Task statement:
Return the data that follows exactly as it appears. Pictures do not belong in the copy.

--- Data for processing Enclosed Below ---

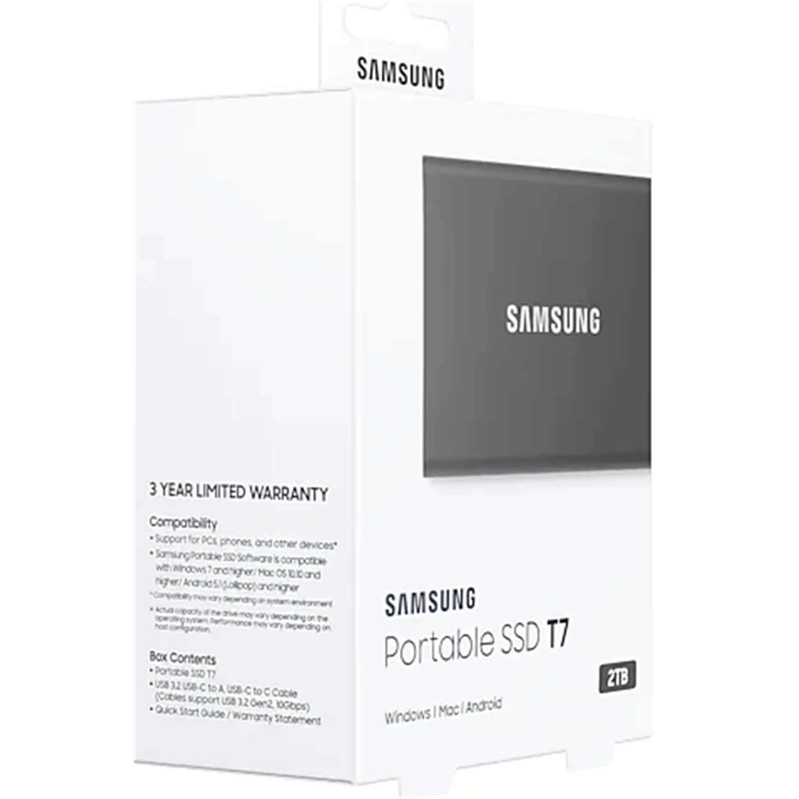Access your files anytime, anywhere. The T7 is compatible with PC, Mac, Android devices, gaming consoles, and more. Included in the box are USB Type C-to-C and Type C-to-A cables for added convenience.
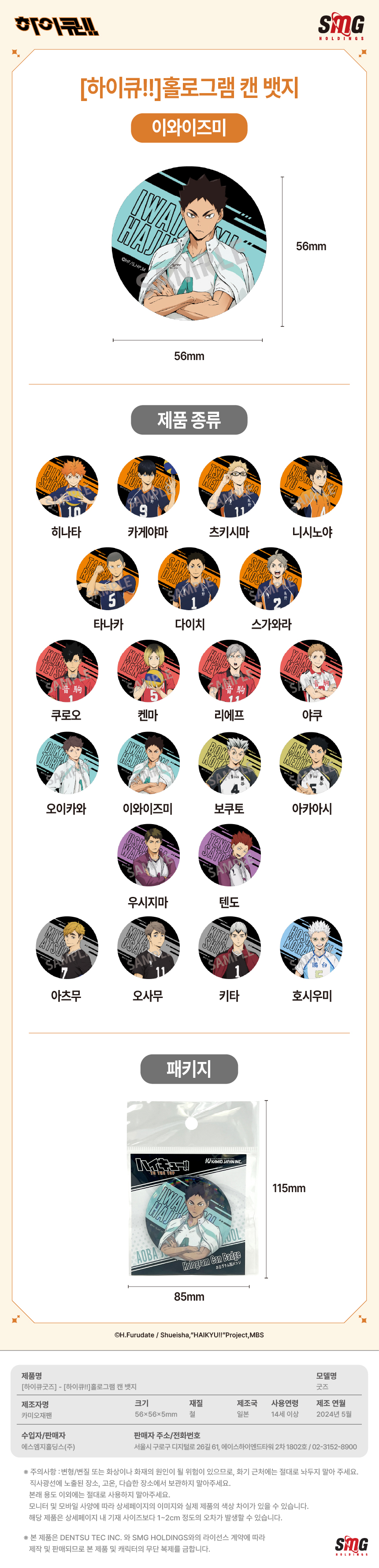 하이큐 홀로그램 캔 뱃지 이와이즈미
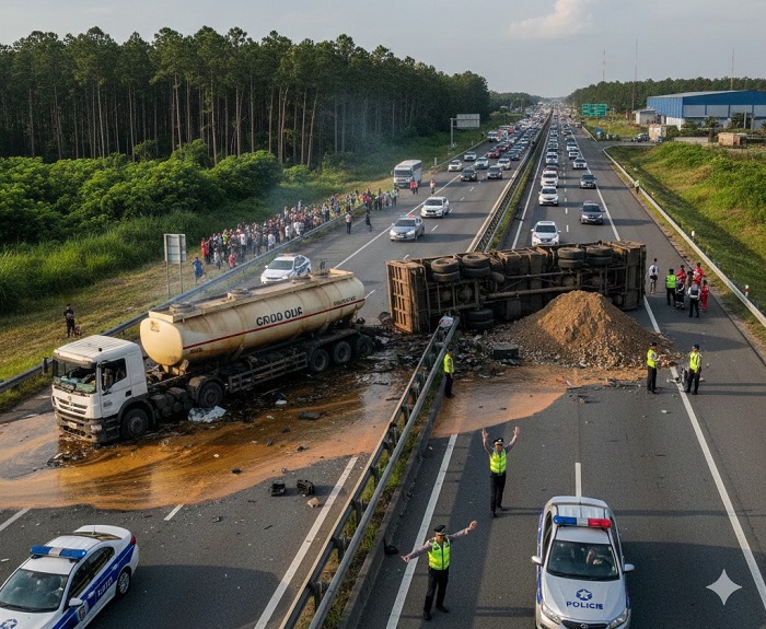 Peristiwa berlangsung saat kondisi jalan relatif sepi karena masih dini hari. Namun, tumpahan minyak sawit yang menggenangi aspal membuat permukaan jalan menjadi licin dan membahayakan pengendara lain. Arus lalu lintas sempat mengalami kemacetan sementara hingga petugas melakukan penanganan di lokasi.
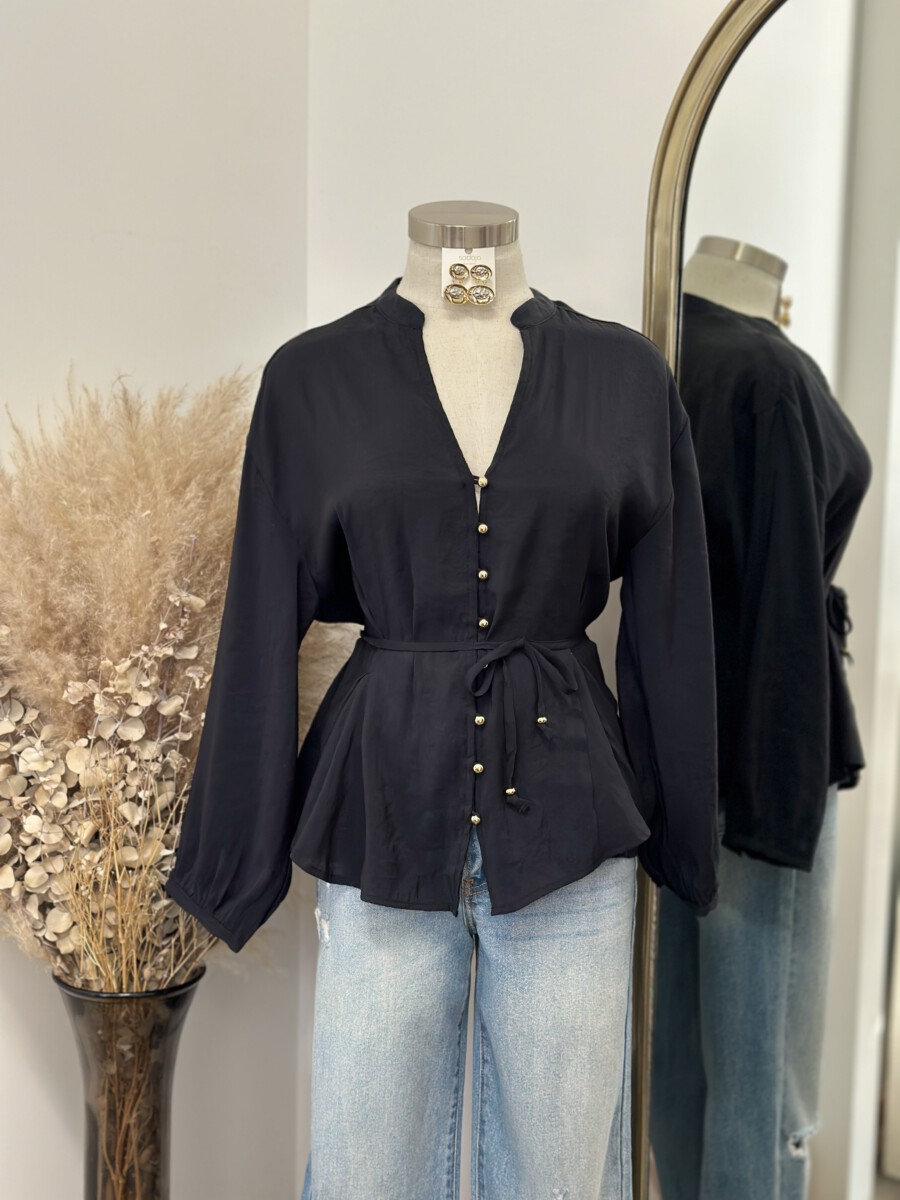 ” Briella ” Long-sleeved V-neck Blouse ( Black )
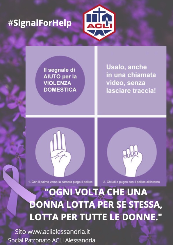 Le ACLI provincia Alessandria aderiscono alla campagna #SignalForHelp sulla richiesta di intervento contro la violenza domestica, tramite un semplice gesto della mano atto a richiamare l’attenzione senza dire nessuna parola.
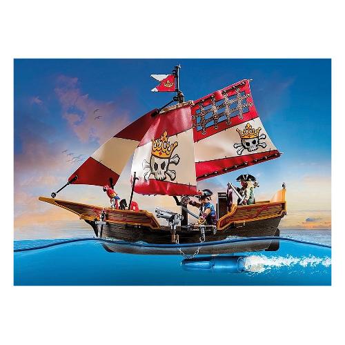 Issate le vele e salpate con la nave dei pirati e la sua ciurma! Emozionanti avventure piratesche attendono tutti i fan dei pirati con la nave pirata di playmobil. Il set dettagliato comprende una nave pirata con vele mobili, cannoni rotanti, due personaggi playmobil, un pappagallo, un'ancora e tanti altri dettagli e accessori. La nave galleggia e può essere potenziata con un motore subacqueo (7350 - venduto separatamente). Cinque morsetti per i piedi sul ponte della nave assicurano che i personaggi stiano in piedi in modo stabile. Con personaggi fantasiosi, attrezzature dettagliate e grandi funzioni, i set di gioco del mondo a tema pirati di playmobil offrono ore di divertimento per bambini dai 4 anni in su.

--- End of Enclosed Data for processing ---

Answer space:
Access your files anytime, anywhere. The T7 is compatible with PC, Mac, Android devices, gaming consoles, and more. Included in the box are USB Type C-to-C and Type C-to-A cables for added convenience.
 하이큐 홀로그램 캔 뱃지 이와이즈미
 Peristiwa berlangsung saat kondisi jalan relatif sepi karena masih dini hari. Namun, tumpahan minyak sawit yang menggenangi aspal membuat permukaan jalan menjadi licin dan membahayakan pengendara lain. Arus lalu lintas sempat mengalami kemacetan sementara hingga petugas melakukan penanganan di lokasi.
 ” Briella ” Long-sleeved V-neck Blouse ( Black )
 Le ACLI provincia Alessandria aderiscono alla campagna #SignalForHelp sulla richiesta di intervento contro la violenza domestica, tramite un semplice gesto della mano atto a richiamare l’attenzione senza dire nessuna parola.
 Issate le vele e salpate con la nave dei pirati e la sua ciurma! Emozionanti avventure piratesche attendono tutti i fan dei pirati con la nave pirata di playmobil. Il set dettagliato comprende una nave pirata con vele mobili, cannoni rotanti, due personaggi playmobil, un pappagallo, un'ancora e tanti altri dettagli e accessori. La nave galleggia e può essere potenziata con un motore subacqueo (7350 - venduto separatamente). Cinque morsetti per i piedi sul ponte della nave assicurano che i personaggi stiano in piedi in modo stabile. Con personaggi fantasiosi, attrezzature dettagliate e grandi funzioni, i set di gioco del mondo a tema pirati di playmobil offrono ore di divertimento per bambini dai 4 anni in su.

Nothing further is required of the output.